If filelist.txt has a single filename per line:

find /dir | grep -f <(sed 's@^@/@; s/$/$/; s/\([\.[\*]\|\]\)/\\\1/g' filelist.txt)

（即 -f 选项意味着grep的搜索给定文件中的所有模式。）

(The -f option means that grep searches for all the patterns in the given file.)

＆LT的的说明;（SED的@ ^ @ / @; S / $ / $ /; S / \\（[。\\ [\\ *] \\ | \\] \\） / \\\\\\ 1 / G'Filelist.txt中）：

Explanation of <(sed 's@^@/@; s/$/$/; s/$[\.[\*]\|\]$/\\\1/g' filelist.txt):

的≤（...）被称为的过程subsitution 和有点类似于 $（...）。这种情况等同于（但使用过程中替换的整洁，并有可能更快一点）：

The <( ... ) is called a process subsitution, and is a little similar to $( ... ). The situation is equivalent to (but using the process substitution is neater and possibly a little faster):

sed 's@^@/@; s/$/$/; s/\([\.[\*]\|\]\)/\\\1/g' filelist.txt > processed_filelist.txt
find /dir | grep -f processed_filelist.txt

到 SED 调用运行命令取值@ ^ @ / @ ，取值/ $ / $ / 和 S / \\（[\\ [\\ *] \\ | \\] \\）/ \\\\\\ 1 / G 在 Filelist.txt中并打印出来的每一行。这些命令转换成文件名，将使用grep更好地工作的格式。

The call to sed runs the commands s@^@/@, s/$/$/ and s/$[\.[\*]\|\]$/\\\1/g on each line of filelist.txt and prints them out. These commands convert the filenames into a format that will work better with grep.

取值@ ^ @ / @ 表示每个文件名前加上一个 / 在。（在 ^ 的正则表达式的意思是行首）

S / $ / $ / 表示把 $ 在每个文件名的末尾。（第一个 $ 表示行结束，二是只是一个文字 $ 然后将其除$ P通过grep的$ PTED的意思是行结束）。
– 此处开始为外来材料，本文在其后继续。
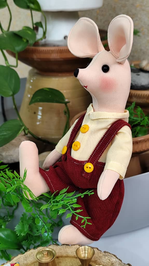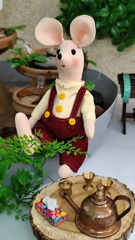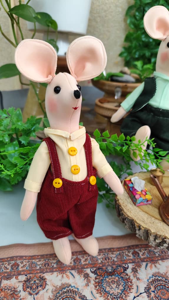 عروسک پارچهای موش پدر، یک عروسک دستدوز با قد ۳۵ سانتیمتره که با دقت و ظرافت از بهترین پارچهها ساخته شده.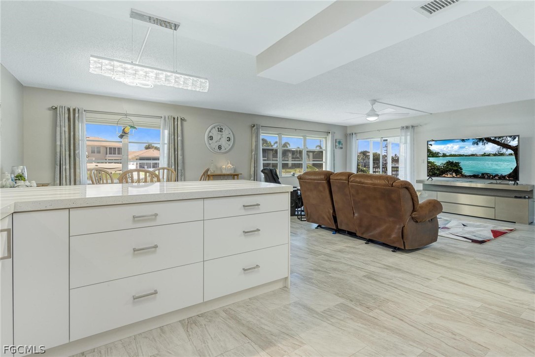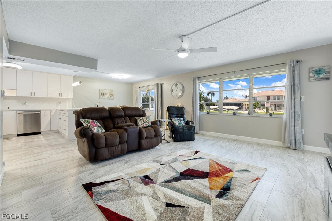 You can’t beat the beauty and location of this fully renovated gulf access condo. You can watch the sunrise, dolphins, and manatees right from your lanai or cast a rising rod right off the dock! This 1st floor condo is being offered partially furnished and offers walk out access to the community pool, and boat docks. Boat docks are first come first serve (there is current availability). There is also a new project in the works to build more docks offering additional dock space for residents. This canal is extra wide and has quick access to open water with 1 bridge out to the Caloosahatchee River. This development has many new upgrades including boat docks, captain’s walk, irrigation, and a new roof. Inside the home you will find everything is brand new including the hot water heater. A home warranty will transfer with the sale and is good through Jan '29. You will love the tile that is throughout the home, stunning white kitchen with quartz counters, two remodeled bathrooms, and all fresh updated paint colors. This home is unusually bright and airy due to multiple windows and sliders overlooking the canal! Your Primary Bedroom has its own slider to the lanai so you can wake up to views of the water! Flood insurance is covered in the HOA fee. All assessments are paid on this unit. This location is a very short bike ride/drive to downtown (47th Terr) and close to the new Bimini Basin Project which will offer health care, restaurants and shopping. See it today!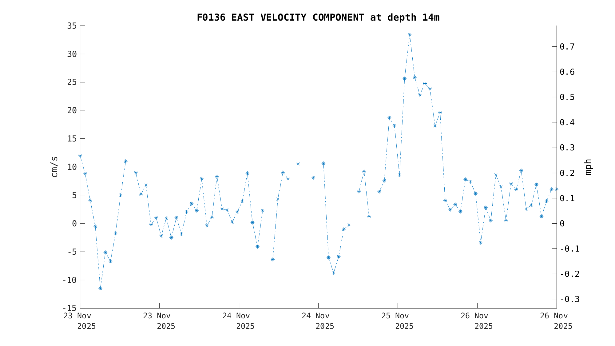 | East Current Velocity (14m) | 0.5 cm/s (0.01 kts) | Nov 26 4:00 AM |
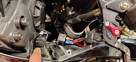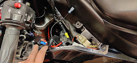 Sitten asenneltiin johdotukset releen avulla kytkinkahvan alapuolelle, joihin kytkettiin lämpökahvaelementit, sekä usb-laturi kännykkää tai navigaattoria varten.
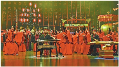 山东代表队演员表演器乐合奏《盛世雅乐·宣平之章》。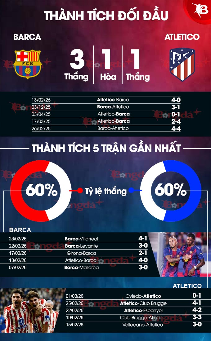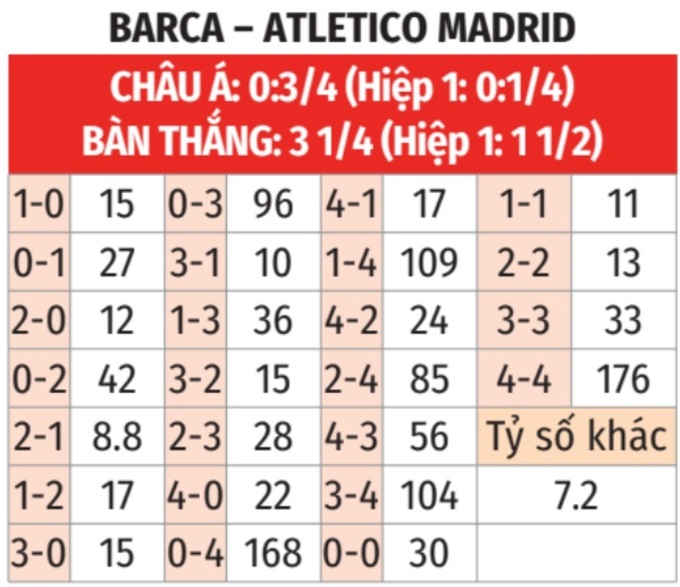 - Tối thiểu 2 bàn hiệp 1: 3/4 trận đấu gần đây của Barca và 6/8 trận vừa qua của Atletico đều xuất hiện ít nhất 2 bàn thắng ở hiệp đầu. Tình trạng tương tự xảy ra ở 2 lần chạm trán gần nhất giữa 2 đội.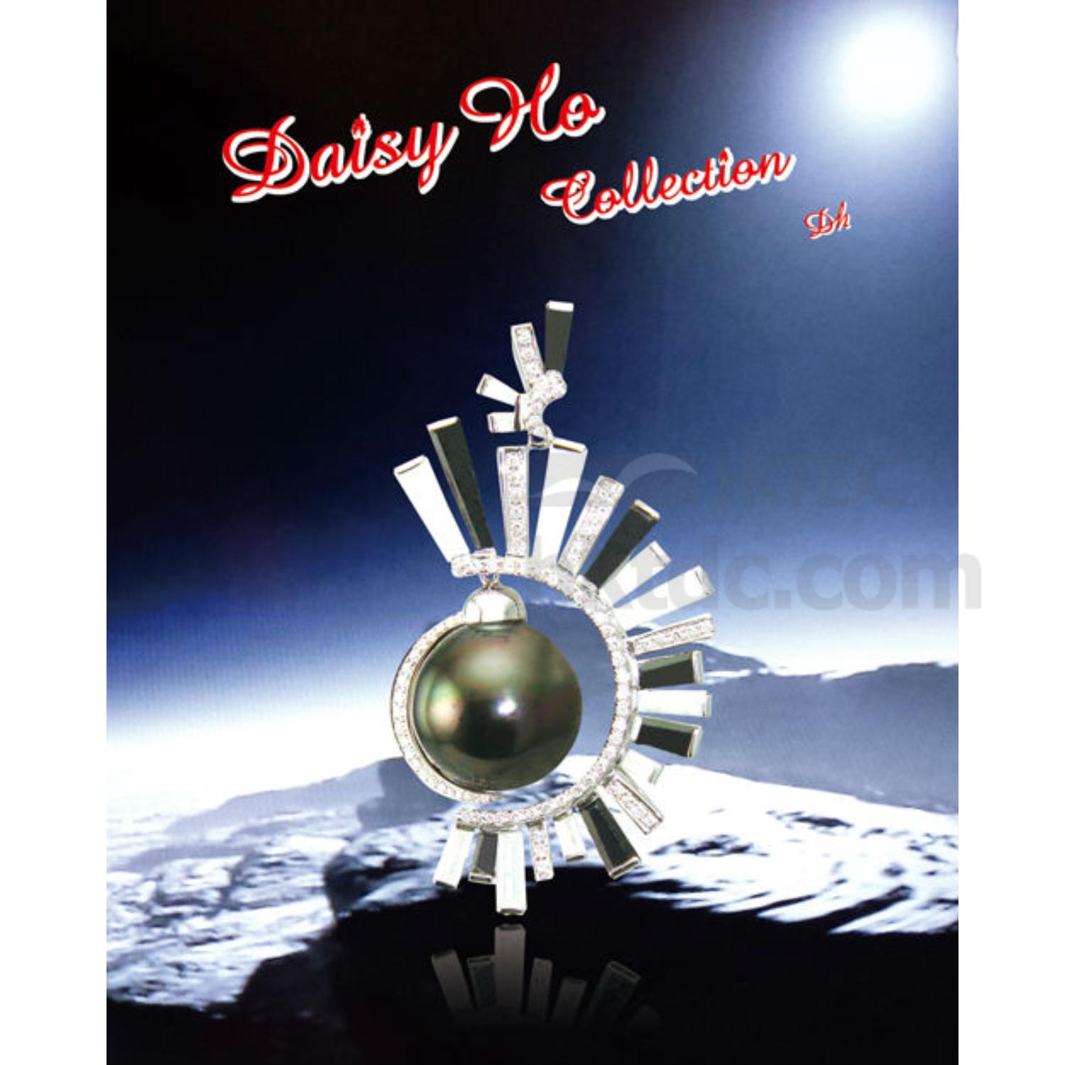 • Materials: Black Pearl with black / white jade (29.2ct) (16mm) round shaped pendant in 750/18K white gold with diamond setting.

s@^@/@ means put a / at the before each filename. (The ^ means "start of line" in a regex)
s/$/$/ means put a $ at the end of each filename. (The first $ means "end of line", the second is just a literal $ which is then interpreted by grep to mean "end of line").

这两个规则的结合意味着grep的只会看像 ... /＆LT匹配;文件名＆GT; ，使 A。 TXT 不匹配 ./ a.txt.backup 或 ./ abba.txt 。

The combination of these two rules means that grep will only look for matches like .../<filename>, so that a.txt doesn't match ./a.txt.backup or ./abba.txt.

S / \\（[\\ [\\ *] \\ | \\] \\）/ \\\\\\ 1 / G 将一个 \\ 。 [ ] 或 * 。 grep所使用的正则表达式和这些字符被认为是特殊的，但我们希望他们是普通的，所以我们需要躲避他们（如果我们没有逃避他们，那么文件名如 A.TXT 将匹配像文件 abtxt ）。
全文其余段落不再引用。